Monday, August 03, 2015

How the People Suffer When the Politicians Pander

As we're heading into the final lap towards Debatageddon 2015: The August Angst, we are able to see in real-time and in real-world implications how damaging all this political campaign to the extremist agendas is going to get.

In Louisiana, Gov. Bobby Jindal - desperate to make the cut for the prized chance to make the prime-time Fox Not-News prime-time debate - made the political gesture to cut Medicaid funding for Planned Parenthood offices in his state.

It's a political gesture because he's made it one:

The move comes despite the fact that the two Planned Parenthood clinics in Louisiana do not provide abortion, which Planned Parenthood confirmed to the state's Department of Health and Hospitals as part of the state's ongoing investigation into claims that the organization is profiting off of aborted fetal tissue donations. A third clinic being built in New Orleans plans to offer abortion, but will not participate in the tissue donation programs, a Planned Parenthood executive told the state.

The "tissue donation program" at issue, by the by, is part of an over-hyped fabricated assault by anti-abortion organizations to discredit and destroy Planned Parenthood (as well as stoke the pro-fetus voting base eager to have their issue treated as top priority).  Per the Bob Cesca article in Salon.com:

If you’ve been keeping score at home, you’ll have noticed that not one but two states, including a red state with a paleoconservative governor, have in the past several days exonerated Planned Parenthood of any wrongdoing in the so-called secret-video sting that has conservatives calling on Congress to defund the non-profit organization. The appropriate response to this news is, “Of course! Because Planned Parenthood is absolutely not selling fetus parts via some sort of grisly underground marketplace.” For many, especially on the right, no amount of fact-checking will ever be enough...

For Jindal, who couldn't even wait for Louisiana to finish its' investigation that he ordered last month into Planned Parenthood, fact-checking is not the point.  The fact that federal aid - of which Medicaid is part - is already blocked from funding abortions is not the point.  The point is, Jindal is trying to position himself as a major player in the Republican battlefield for voters' attentions, and if getting even five percent of the pro-fetus crowd into his corner is enough to make the crossing line to make it to Thursday night's panderfest, so be it.

In the process, of course, Jindal is leaving a lot of damage in his wake.  Planned Parenthood is one of the few clinics that assist poor women with health care needs across the board, not just birth control but also cancer treatments and more. Statistics point towards around 10 million different people helped at their offices across the U.S.  Zander at Balloon Juice is figuring about 700,000 women in Louisiana facing the loss of health care help because of Jindal's pandering move.

While Planned Parenthood only offers abortion as a service to a small degree - roughly 370,000 procedures compared to 4.4 million STD tests or 3.7 million contraception services (which by the by would do great good reducing abortion in the first place) or 1.1 million cancer tests and treatment - the Republican Party is eagerly looking to defund that organization in toto, recklessly ignoring all the other health care services those office provide.  Then again, we're talking about a GOP that rails against Obamacare to such a degree any health care positive for poor women and families turns into a red negative deserving of annihilation.

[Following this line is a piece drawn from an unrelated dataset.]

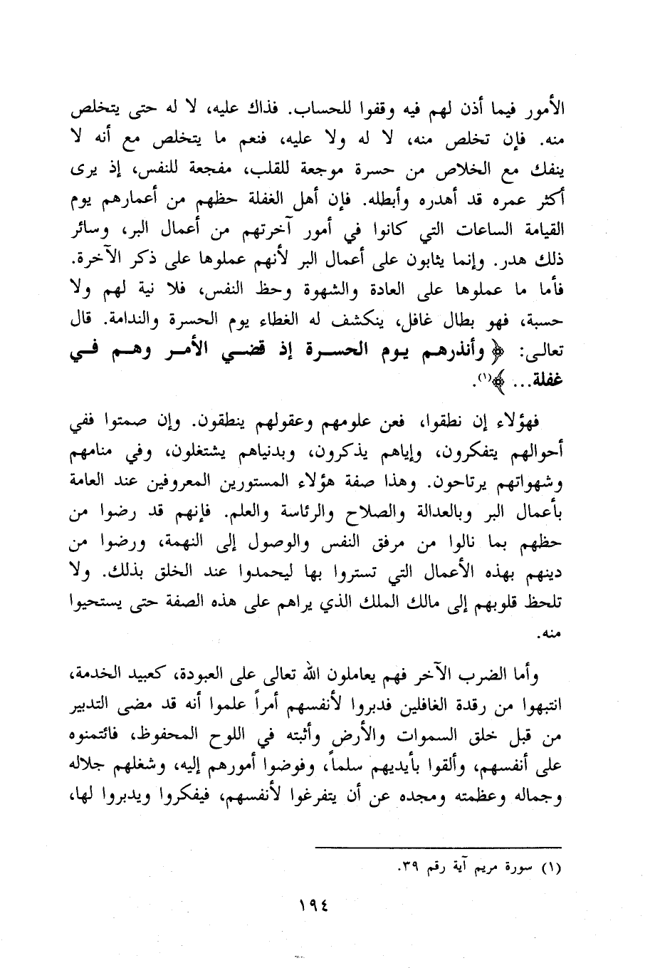 الْأُمُور فِيمَا أذن لَهُم فِيهِ وقفُوا لِلْحسابِ فَذَاك عَلَيْهِ لَا لَهُ حَتَّى يتَخَلَّص مِنْهُ فَإِن تخلص مِنْهُ لَا لَهُ وَلَا عَلَيْهِ فَنعم مَا يتَخَلَّص مَعَ أَنه لَا يَنْفَكّ مَعَ الْخَلَاص من حسرة موجعة للقلب مفجعة للنَّفس إِذْ يرى أَكثر عمره قد أهدره وأبطله فَإِن أهل الْغَفْلَة حظهم من أعمارهم يَوْم الْقِيَامَة السَّاعَات الَّتِي كَانُوا فِي أُمُور آخرتهم من أَعمال الْبر وَسَائِر ذَلِك هدر وَإِنَّمَا يثابون على أَعمال الْبر لأَنهم عملوها على ذكر الاخرة فَأَما مَا عملوها على الْعَادة والشهوة وحظ النَّفس فَلَا نِيَّة لَهُم وَلَا حسبَة فَهُوَ بطال غافل ينْكَشف لَهُ الغطاء يَوْم الْحَسْرَة والندامة قَالَ تَعَالَى وَأَنْذرهُمْ يَوْم الْحَسْرَة إِذْ قضي الْأَمر وهم فِي غَفلَة

In that regard, Jindal is not even viewing his ban on Planned Parenthood as a risk.  He's viewing it already as a win, even if he misses the final cut for prime time.  Anything - like all the Republican leaders pandering for primary votes this election cycle - to placate the Far Right crowd across the nation.  And to hell with the residents of his own state.

1 comment:

dinthebeast said...

News flash: Women are human beings, and no-one gets to own them and tell them what they can and can't do.